Yeldell, a former North Rowan High School All-American, finished fifth in the triple jump in the NCAA Outdoor Track and Field Championships at Duke University’s Wallace Wade Stadium.

The 19-year-old Indiana University sophomore went into the NCAA meet as the No. 1 seed in the triple jump after winning the Big Ten title with a conference and personal record of 55 feet, 2 inches.

On Friday, he started out slowly and was in ninth place early in the competition, but he came up with a solid jump of 53 - 51/2 for fifth place.

Melvin Lister of Arkansas won the triple jump with a leap of 55 - 7 3/4, the best jump of the season by a collegiate athlete. Second place went to Chris Hercules of Texas (54-3 3/4). Purdue’s Ike Olekaibe, Yeldell’s Big Ten rival, took third at 54-1/2. Marcus Thomas of LSU was fourth at 53-10 1/4.

“It’s not rather I win or lose,” said Yeldell the day before the meet. “I’m just happy down here, because last year I wasn’t here. Right before the Big Ten, I was ranked 17th or 18th.”

Yeldell failed to qualify for the NCAA outdoor meet a year ago. He was 10th indoors as a freshman and fourth last winter, so he’s finished in the nation’s top 10 three times.

Yeldell now has more than a month to prepare for the United States Olympic Trials in Sacramento, Calif., July 21.

“I’m really looking forward to that. Last year, I went to the USA Outdoor Championships in Oregon and didn’t really do too good. I was ready, but I wasn’t like mentally ready. I don’t know what I was thinking,” he said.

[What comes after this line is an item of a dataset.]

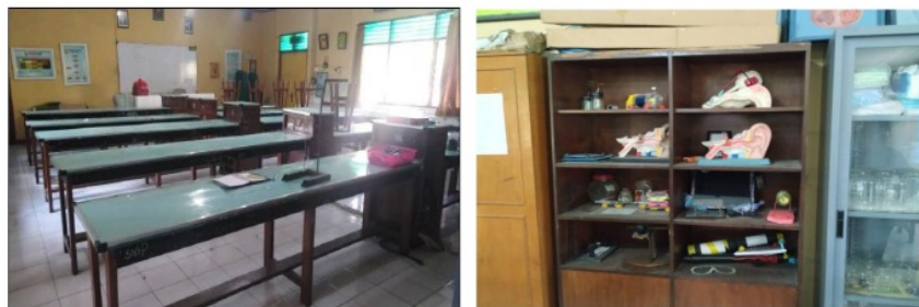
Figure 4. Laboratory in high school; practicum room ( left ), preparation room ( right ).

The results of taking photographs of physics laboratories in schools include: (1) students report the results of taking pictures that contain meaningful images, which tells the physics laboratory equipment in high school, (2) make identification of laboratory physics tools, (3) identification includes the type of practicum that can be done with these tools, any physical concepts related to laboratory equipment in the school, the frequency of use of laboratory equipment, (4) students make interpretation of the suitability of existing tools with the achievement of basic competence of knowledge (BC. 3) and basic competence of skills (BC. 4) in school.

He finished 14th in that meet at Eugene, Ore., where he jumped only 49-11/2. The USA Outdoor is the national championship meet for amateurs and pros.

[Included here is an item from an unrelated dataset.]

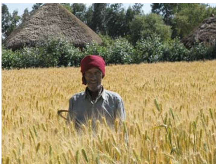
Farmer in his wheat seed production field in Ethiopia

FAO and its member countries have developed a system of quality assurance, the Quality Declared Seeds (QDS), which is not as rigorous as the OECD seed certification procedures. The purpose of QDS is to have a realistic quality assurance process and standards for seeds in countries that are at the initial stages of seed industry development. It also provides standards for crops that do not feature prominently in international seed trade despite the importance of these crops for food security in less developed countries. FAO insists that seeds used in seed relief activities should at least meet and hopefully exceed QDS standards (Annex 3). IPs and emergency staff should also be aware that some countries have specific quality standards for seed distributed in emergency situations, which can be higher than those of QDS.

“I saw all the pros and I said, ‘I can’t believe I’m here with these guys.’ Now I look at them as the next person on the list I’ve got to go get. If I had jumped my personal best, I’d have finished like second. That’s what really let me know that I can compete on this level. It gave me confidence even though I lost,” Yeldell added.

If Yeldell does as well this summer as he did in 1999, he’ll have a shot at placing well in the Olympic Trials. He took second place in the U. S. Junior National Championships at North Texas State University in Denton, Texas, where he leaped 53-1 1/2. That earned him a berth on the U. S. Junior National team for the second straight year.

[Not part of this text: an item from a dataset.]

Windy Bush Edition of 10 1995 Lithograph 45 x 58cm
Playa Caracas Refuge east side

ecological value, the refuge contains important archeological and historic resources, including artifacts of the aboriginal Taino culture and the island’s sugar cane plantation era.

Then, last July, he won the triple jump with a leap of 52-9 1/2 while competing for the U.S. team in the Pan-American Games in Tampa, Fla.

Arkansas’ Lister bounced back to win the triple jump after being upset in the long jump competition on Wednesday.

“Losing in my last year, I was as down as anybody can be,” the senior said about his fourth-place finish in the long jump on Wednesday after being ranked No. 1 in the world. “I knew it was no good for the team to see me down like that.”

Arkansas’ eight-time NCAA champions climbed from 16th to fifth place with one day left in the meet today.

“You feel bad for awhile, but you’ve got a job to do,” said Lister. “We’re out here for a purpose. We want this national championship, and I had to get myself ready.”

Lister will run a leg in today’s 1600-meter relay, one of five events in which Arkansas can score.

Stanford, in first place with 36 points, can score today in only two events. LSU is second with 28, followed by Arizona, 26, Auburn, 24, and Arkansas, 23.

“I feel so confident going into the relay,” exclaimed Lister. “I ain’t going to talk too much about what I am going to do or what we’re going to do, but if you watch it, it’s going to be a sight to see.”

He came up short of promising a ninth straight national title for the Razorbacks, but said it was a mistake to count the Razorbacks out after a slow start.

“We were never out, never out,” he said. “We messed up a cushion that we had, but we were never out.”

UCLA’s women lead with 44 points to runner-up Brigham Young’s 31. Arkansas is in third place with 29, followed by Texas, 27, and Southern Cal, 24.